Steven looked down and saw what had always been there—soft white skin over bones, ribs, dick hanging.

She laughed, prodding his chest and stomach, lifting his balls to look underneath.

“I don’t see it, Steven. Where is this strength of yours?”

He stood mute. She was too powerful for him to survive direct and active confrontation.

The Hagbeast reached down and pulled her dress over her head. She wore nothing underneath and the sharpness of her crotch burned his throat.

“Are you as strong as this?”

She slapped her dimpled saddlebag hips, ran her hands over rolls of hard fat stacked from groin to breast. Steven looked at her matted gray cunt and the blood sticking in clots to the insides of her thighs.

“Look at this mountain of flesh, Steven. Throw yourself against it. Have you ever calculated its weight? This is strength, you whining bucket of piss. This is what you must measure yourself against. It stands between you and everything you want and you’ll never get past it.”

Steven knew she was wrong and he wanted to spit it in her face. Lucy was going to open up like a tunnel and he would crawl through her into a world impossible for the Hagbeast to touch. But it was too early yet to strut this before Mama, she could still destroy it at a stroke. So he stayed quiet through her ranting.
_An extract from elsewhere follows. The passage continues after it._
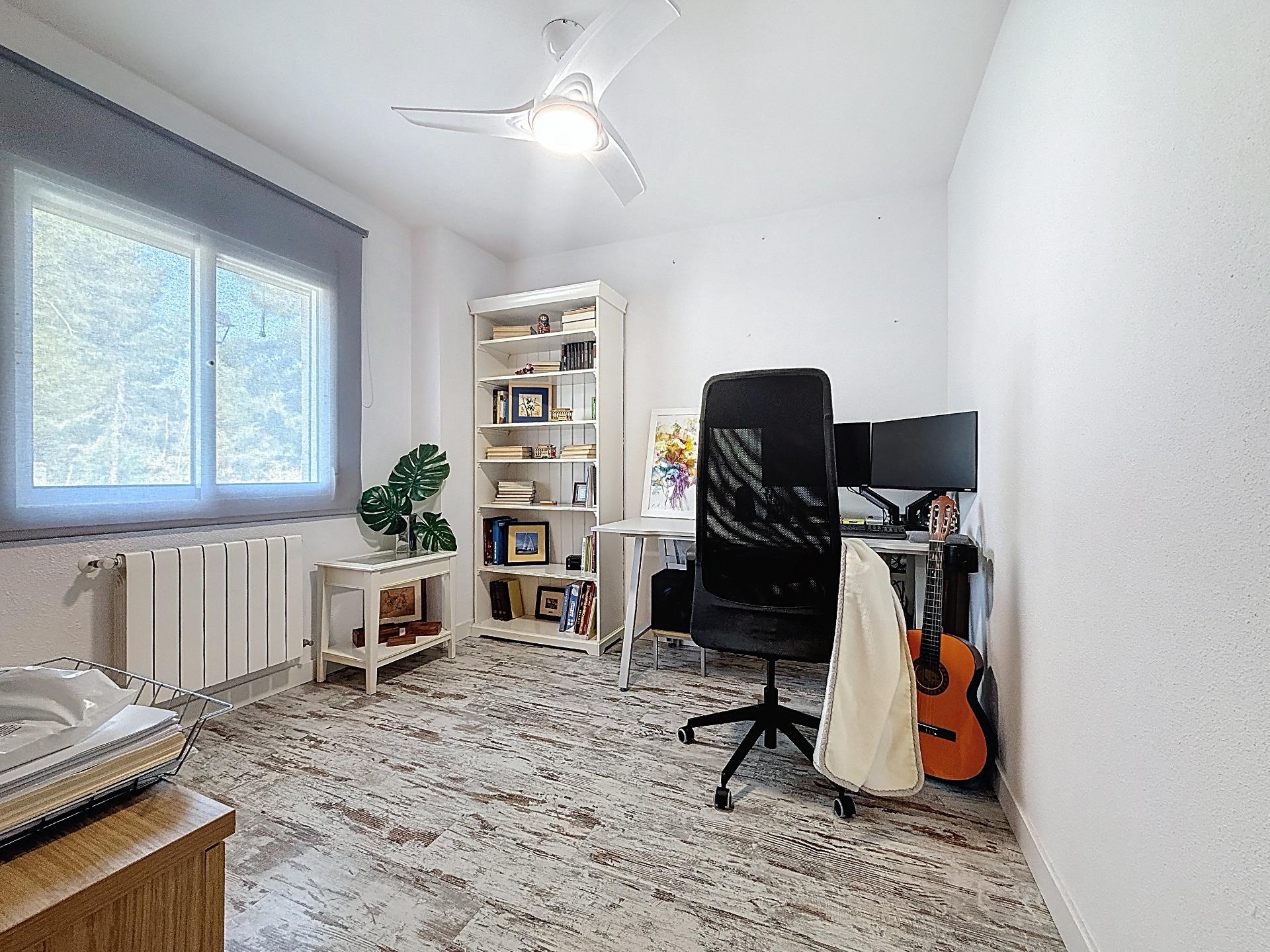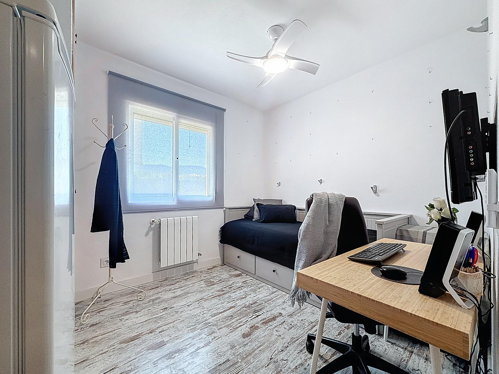 En la planta baja encontramos dos habitaciones individuales y un baño con bañera, una distribución muy cómoda para familias, invitados o incluso para destinar una estancia a despacho. En la primera planta se ubica la habitación principal, amplia y luminosa, con dos armarios empotrados, baño con ducha y terraza privada, un rincón perfecto para desconectar y disfrutar del entorno.

Later, in his room, the shit in his belly made him sick and he lay curled around Dog on the floor by the bed. Dog licked sweat from his master’s forehead and whimpered at his shiverings. Steven felt the animal’s nuzzlings through the gauze of his pain and dreamed he was somewhere underground with the velvet lips of a cow against his neck. In his fever he merged with it, knowing its thoughts, its fears, and the timeless species-desire for a place where men never came.

At dawn he was able to rise, pale and drained, and Dog yelped with joy and gave thanks to Dog God that there was still something left to love.

In the hall, as he left the flat, splashes of the Hagbeast’s vomit bloomed on the floor from the kitchen to her room, like flowers of hope. Steven felt good when he saw them.